Task to carry out:
Retype each entry exactly as written, and keep the pictures out of the copy.

Input data:

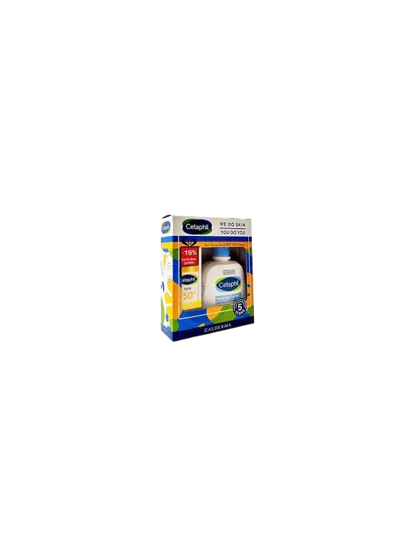 Cetaphil Coffret Sun Face Fluid Teinte SPF50+ + CETAPHIL LOTION NETTOYANTE 236ML Ce coffret se compose de : Cetaphil Coffret Sun Face Fluid Teinte SPF50+ : Cetaphil Sun Face Fluid Teinte SPF 50 est un Multi Protection Fluide régulateur qui offre une protection fiable contre la pollution atmosphérique et convient à la protection solaire quotidienne du visage. La texture ultra-légère de Cetaphil Sun Face Fluid pénètre immédiatement et procure une hydratation intense tout en ayant un effet matifiant longue durée. Le filtre UV photostable et la technologie spéciale Celligent offrent une protection UVA et UVB hautement efficace et immédiate, une protection efficace des cellules et de l'ADN et préviennent le photovieillissement. CETAPHIL LOTION NETTOYANTE 236ML : Cetaphil La lotion nettoyante élimine les impuretés, le maquillage et l’excès de sébum sans l’assécher. Sa formule haute tolérance est sans savon et sans parfum. De par sa formule douce, il n’est pas nécessaire de rincer CETAPHIL LOTION NETTOYANTE est riche en émollients et humectants pour apporter à la peau tout ce dont elle a besoin.
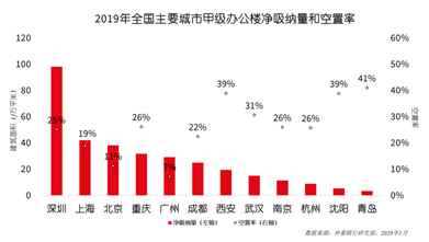 2019年,重慶甲級辦公樓租金同口徑同比下跌3.3%,報86.1元/平方米/月,以價換量成為大勢所趨。
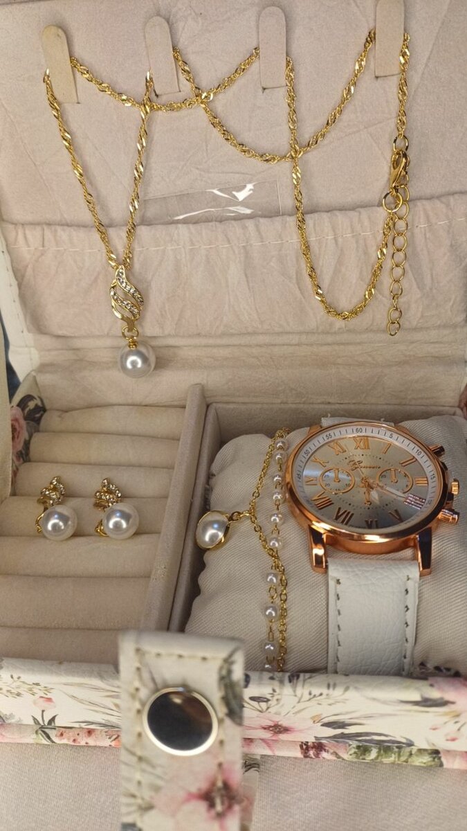 Offrez un coffret élégant et unique contenant une montre, un collier, un bracelet et une paire de boucles d'oreilles en acier inoxydable . Avec ses motifs fleuris délicats , c'est le cadeau parfait pour faire plaisir à ceux que vous aimez ️. Disponible à seulement 15k . Faites un geste inoubliable !
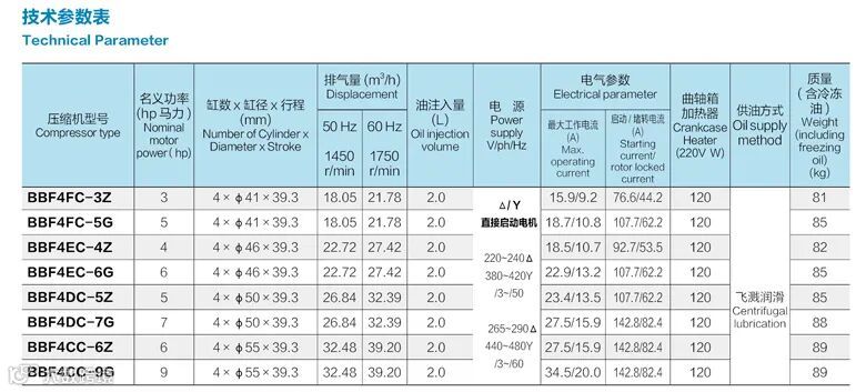排气量(380V/3~/50Hz):18.05m³/h到32.48m³/h特点:体积小、质量轻、高效、节能、环保运行可靠适用于各种高中低温工况
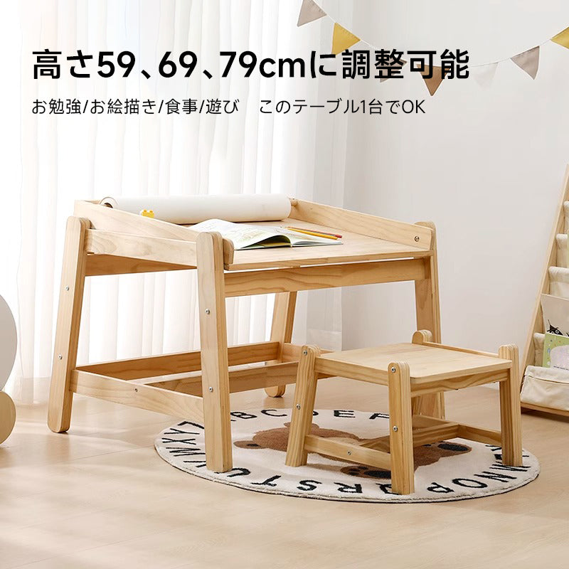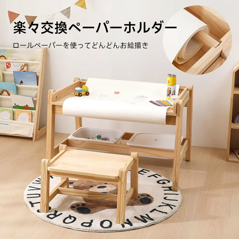 天然木昇降お絵描きテーブル&チェアは、子供の創造力を育むために設計された多機能な家具セットです。ニュージーランド産のパイン材を使用し、自然な風合いを持つナチュラルブラウンの仕上げが特徴です。高さ調整可能なテーブルとチェアは、お子様の成長に合わせて使用でき、便利な収納スペースやロールペーパーホルダーを備えています。安定した構造で、安全に使用できるこのテーブルセットは、家庭内でのクリエイティブな活動を促進します。
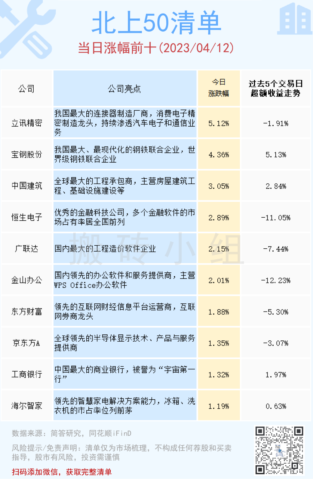 【北上50涨幅前10】
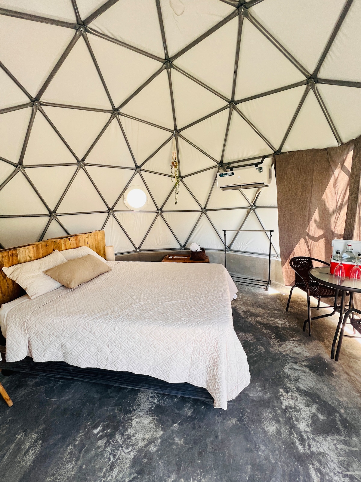 Крытый кемпинг в лесистой местности с прекрасным видом, частным палапой, деревянным полом, электрической установкой, освещением и общими экологическими ванными комнатами для большего комфорта. В цену входит глэмпинг для 2 человек, оборудованный супружеским матрасом, вентилятором, простынями, подушками, полотенцами и мылом за 500 долларов за каждое помещение. Оплата также включает доступ ко всем удобствам жилья, таким как ресторан, туалеты, душевые, волейбольная сетка, гамаки, пляжные стулья и пирс.
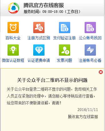 “雙十一”按說是淘寶堵,微信公眾平臺這是腫么了?關于公眾平臺二維碼不顯示的問題,騰訊官方在線客服回應稱,該公司相關工作人員正在緊急的處理中,請用戶耐心等待稍后進行查看。
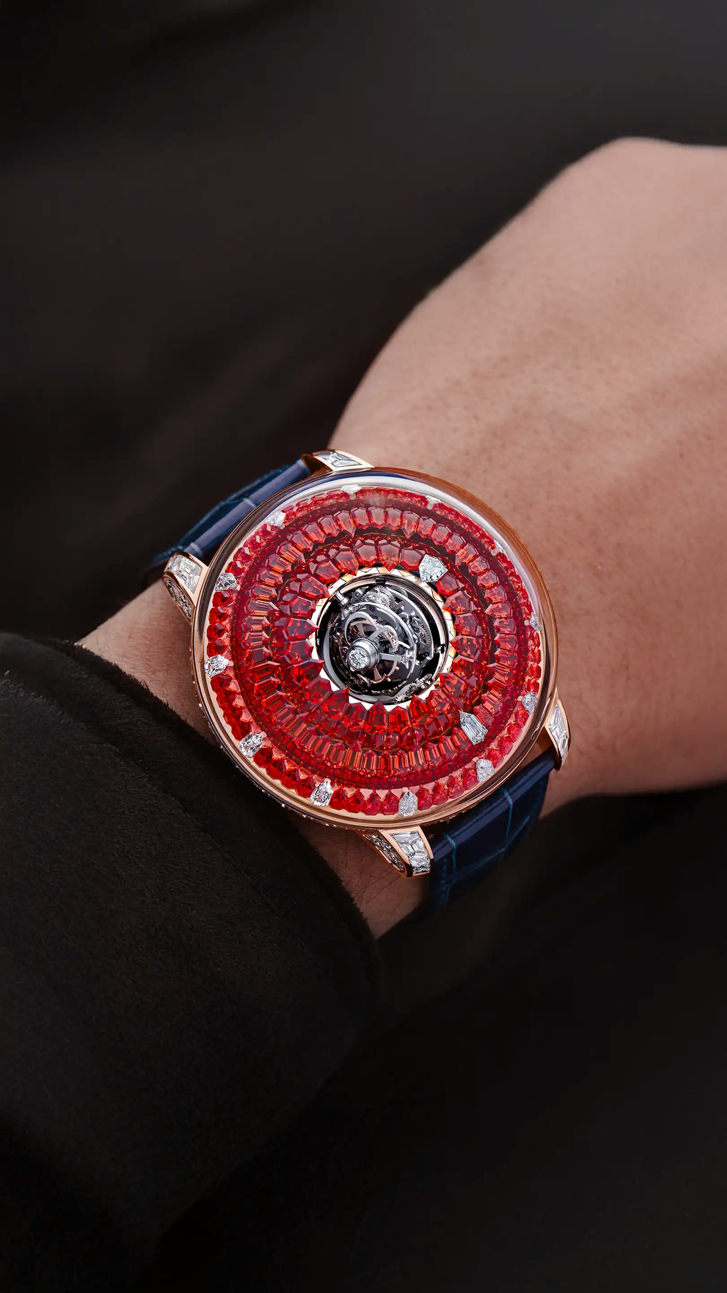 The mysterious part of The Mystery Tourbillon is that it doesn't have hands. Instead, hours and minutes are displayed on two concentric rings, lavishly set with overlapping gems. They tell time with the help of a single pointer, a gem of a different color than the others.
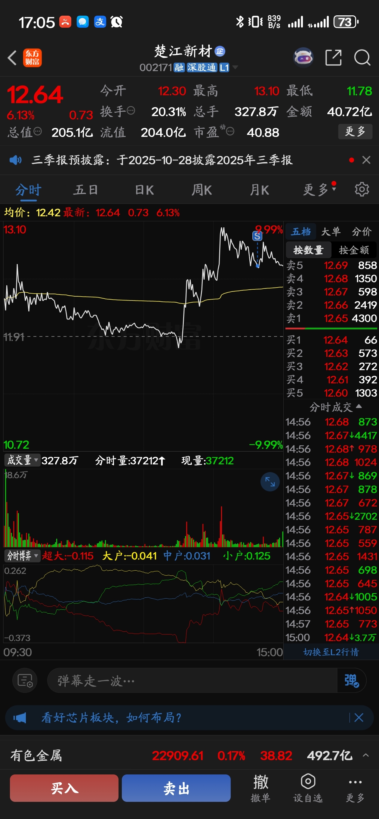 $楚江新材(SZ002171)$ 上班没时间看,少赚4个点。哎
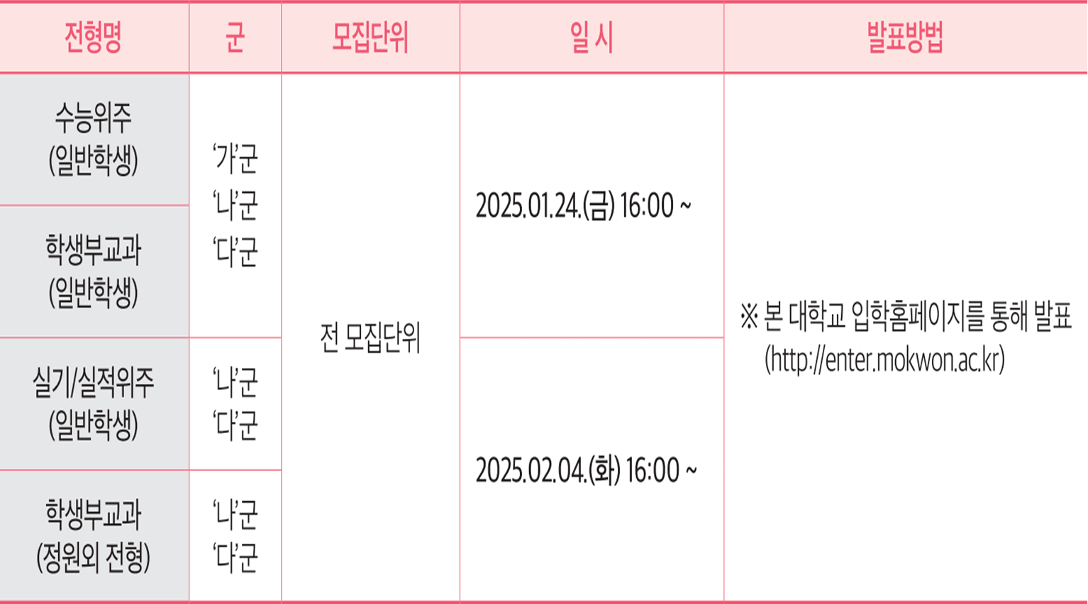 - 2025. 01. 24.(금) 16:00 ~ : 수능위주(일반학생) '가'군, '나'군, '다'군
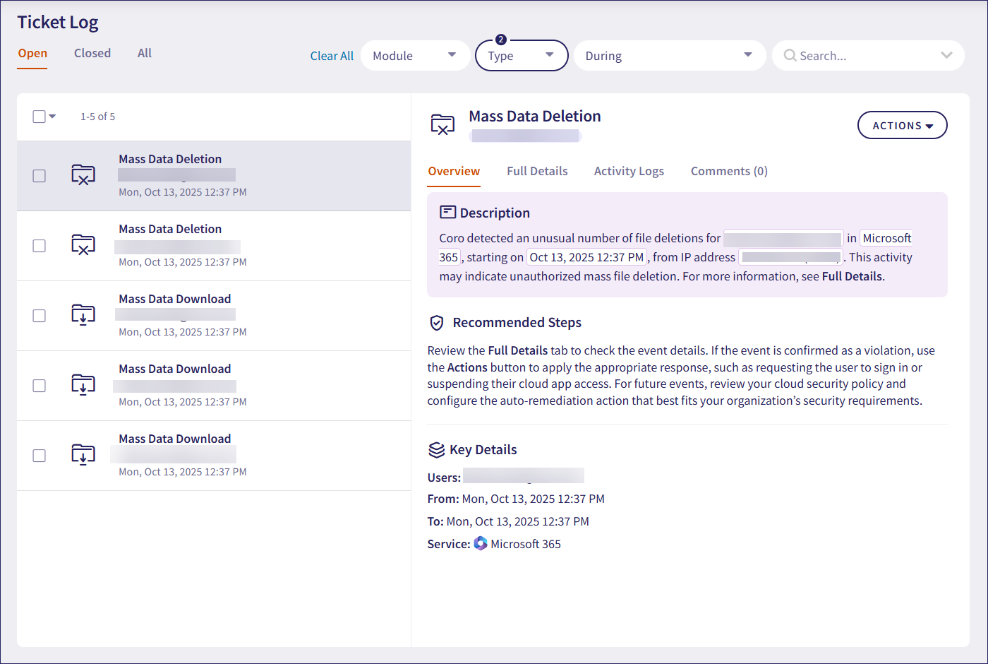 Coro creates these ticket types when it detects abnormally large amounts of data deletion or data download from cloud application accounts of individual users. Coro closes mass event tickets after 14 days.

Response:
 Cetaphil Coffret Sun Face Fluid Teinte SPF50+ + CETAPHIL LOTION NETTOYANTE 236ML Ce coffret se compose de : Cetaphil Coffret Sun Face Fluid Teinte SPF50+ : Cetaphil Sun Face Fluid Teinte SPF 50 est un Multi Protection Fluide régulateur qui offre une protection fiable contre la pollution atmosphérique et convient à la protection solaire quotidienne du visage. La texture ultra-légère de Cetaphil Sun Face Fluid pénètre immédiatement et procure une hydratation intense tout en ayant un effet matifiant longue durée. Le filtre UV photostable et la technologie spéciale Celligent offrent une protection UVA et UVB hautement efficace et immédiate, une protection efficace des cellules et de l'ADN et préviennent le photovieillissement. CETAPHIL LOTION NETTOYANTE 236ML : Cetaphil La lotion nettoyante élimine les impuretés, le maquillage et l’excès de sébum sans l’assécher. Sa formule haute tolérance est sans savon et sans parfum. De par sa formule douce, il n’est pas nécessaire de rincer CETAPHIL LOTION NETTOYANTE est riche en émollients et humectants pour apporter à la peau tout ce dont elle a besoin.
 2019年,重慶甲級辦公樓租金同口徑同比下跌3.3%,報86.1元/平方米/月,以價換量成為大勢所趨。
 Offrez un coffret élégant et unique contenant une montre, un collier, un bracelet et une paire de boucles d'oreilles en acier inoxydable . Avec ses motifs fleuris délicats , c'est le cadeau parfait pour faire plaisir à ceux que vous aimez ️. Disponible à seulement 15k . Faites un geste inoubliable !
排气量(380V/3~/50Hz):18.05m³/h到32.48m³/h特点:体积小、质量轻、高效、节能、环保运行可靠适用于各种高中低温工况
 天然木昇降お絵描きテーブル&チェアは、子供の創造力を育むために設計された多機能な家具セットです。ニュージーランド産のパイン材を使用し、自然な風合いを持つナチュラルブラウンの仕上げが特徴です。高さ調整可能なテーブルとチェアは、お子様の成長に合わせて使用でき、便利な収納スペースやロールペーパーホルダーを備えています。安定した構造で、安全に使用できるこのテーブルセットは、家庭内でのクリエイティブな活動を促進します。
 【北上50涨幅前10】
 Крытый кемпинг в лесистой местности с прекрасным видом, частным палапой, деревянным полом, электрической установкой, освещением и общими экологическими ванными комнатами для большего комфорта. В цену входит глэмпинг для 2 человек, оборудованный супружеским матрасом, вентилятором, простынями, подушками, полотенцами и мылом за 500 долларов за каждое помещение. Оплата также включает доступ ко всем удобствам жилья, таким как ресторан, туалеты, душевые, волейбольная сетка, гамаки, пляжные стулья и пирс.
 “雙十一”按說是淘寶堵,微信公眾平臺這是腫么了?關于公眾平臺二維碼不顯示的問題,騰訊官方在線客服回應稱,該公司相關工作人員正在緊急的處理中,請用戶耐心等待稍后進行查看。
 The mysterious part of The Mystery Tourbillon is that it doesn't have hands. Instead, hours and minutes are displayed on two concentric rings, lavishly set with overlapping gems. They tell time with the help of a single pointer, a gem of a different color than the others.
 $楚江新材(SZ002171)$ 上班没时间看,少赚4个点。哎
 - 2025. 01. 24.(금) 16:00 ~ : 수능위주(일반학생) '가'군, '나'군, '다'군
 Coro creates these ticket types when it detects abnormally large amounts of data deletion or data download from cloud application accounts of individual users. Coro closes mass event tickets after 14 days.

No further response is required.